“Tell them he can get them from Monsieur Joseph.”
The youth thought the words were intended as a cruel joke. He sat down in the snow as he saw the cab disappearing rapidly. Presently he sprang up with momentary vigor, returned to his room and went to bed worn out with fatigue and distress.
The next morning, when the poor boy woke alone in that apartment so lately occupied by his mother and grandfather, the painful emotions of his cruel position filled his mind. The solitude of his home, where up to this time every moment had had its duty and its occupation, seemed so hard to bear that he went down to Madame Vauthier to ask if she had received any news of his grandfather. The woman answered sneeringly that he knew very well, or he might know, where to find his grandfather; the reason why he had not come in, she said, was because he had gone to live at the chateau de Clichy. This malicious speech, from the woman who had coaxed and wheedled him the evening before, put the lad into another frenzy, and he rushed to the hospital once more, desperate with the idea that his grandfather was in prison.

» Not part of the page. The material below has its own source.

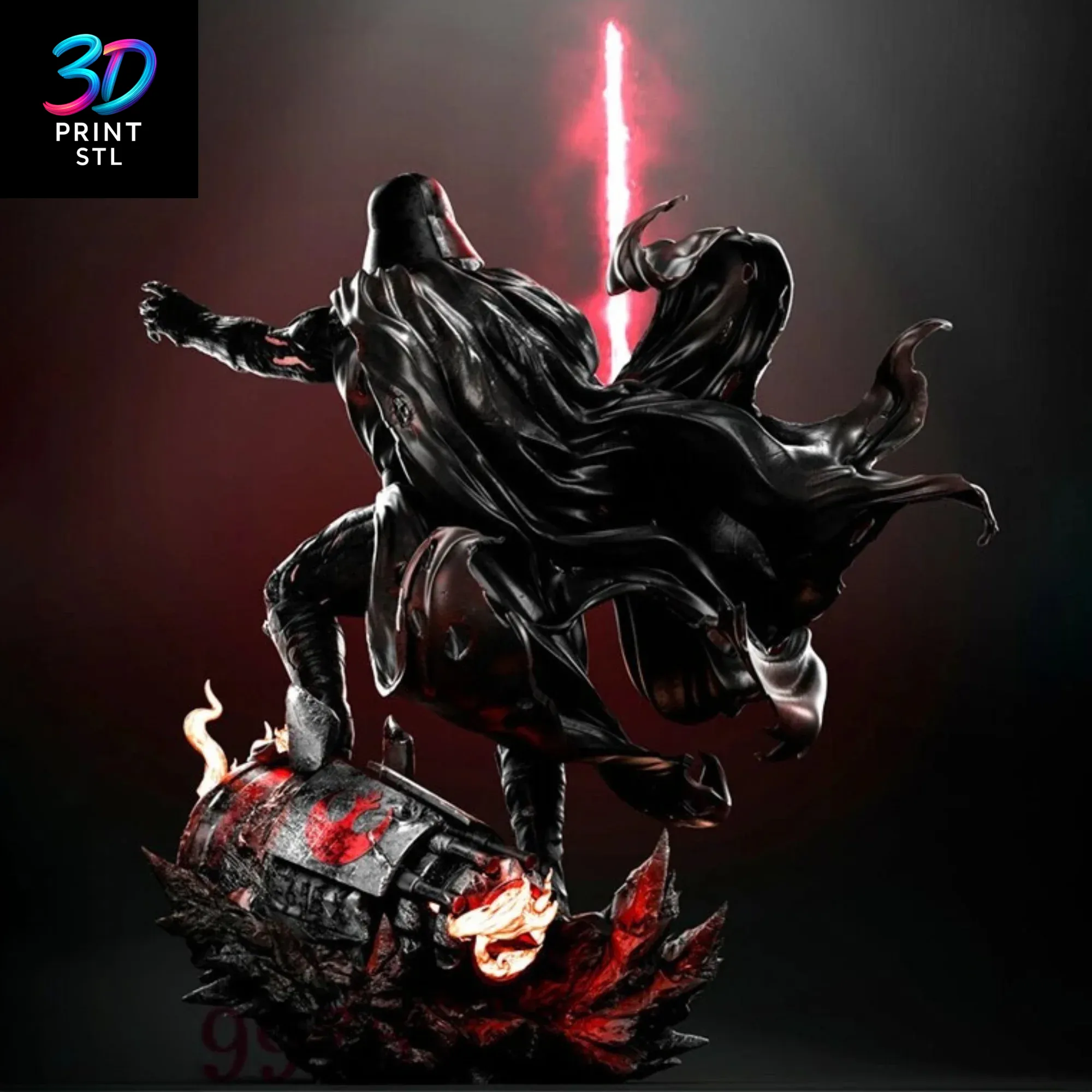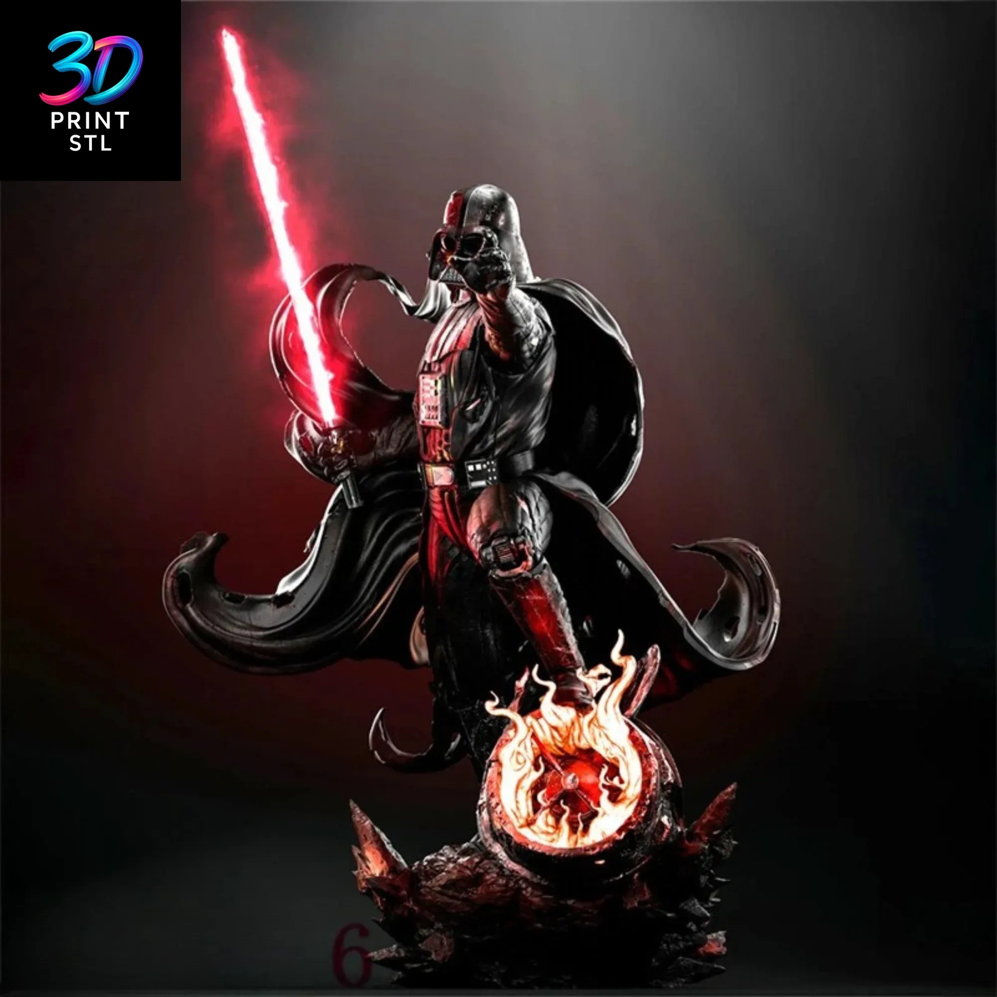 Unleash the power of the Dark Side on your 3D printer with this epic Darth Vader Star Wars | 3D Print Model | STL. This dynamic sculpture captures the iconic Sith Lord in a commanding action pose, lightsaber ignited, standing atop a detailed base of molten lava and twisted steel reminiscent of Mustafar. This premium model, designed for true fans and collectors, is a standout piece in the 3dprintstl.com collection, offering a cinematic and powerful printing experience.

Baron Bourlac had wandered all night round the hospital, where he was refused entrance, and round the private residence of Dr. Halpersohn from whom he wished, naturally, to obtain an explanation of such treatment. The doctor did not get home till two in the morning. At half-past one the old man was at his door; on being told he was absent, he turned and walked about the grand alley of the Champs Elysees until half-past two. When he again went to the house, the porter told him that Monsieur Halpersohn had returned, gone to bed, was asleep, and could not be disturbed.
The poor father, in despair, wandered along the quay and under the frost-laden trees of the Cours-la-reine, waiting for daylight. At nine o’clock in the morning he again presented himself at the doctor’s house, demanding to know the reason why his daughter was thus virtually imprisoned.
“Monsieur,” replied the doctor, to whose presence he was admitted, “yesterday I told you I would answer for your daughter’s recovery; but to-day I am responsible for her life and you will readily understand that I must be the sovereign master in such a case. Yesterday your daughter took a medicine intended to bring out her disease, the plica polonica; until that horrible disease shows itself on the surface you cannot see her. I will not allow excitement or any mistake of management to carry off my patient and your daughter. If you positively insist on seeing her, I shall call a consultation of three physicians, so as to relieve myself of responsibility, for the patient may die of it.”
The old man, worn out with fatigue, dropped on a chair; but he rose immediately, saying:—
“Forgive me, monsieur. I have spent the night waiting for you in dreadful distress of mind. You cannot know to what degree I love my daughter; I have nursed her for fifteen years hovering between life and death, and this week of waiting is torture to me.”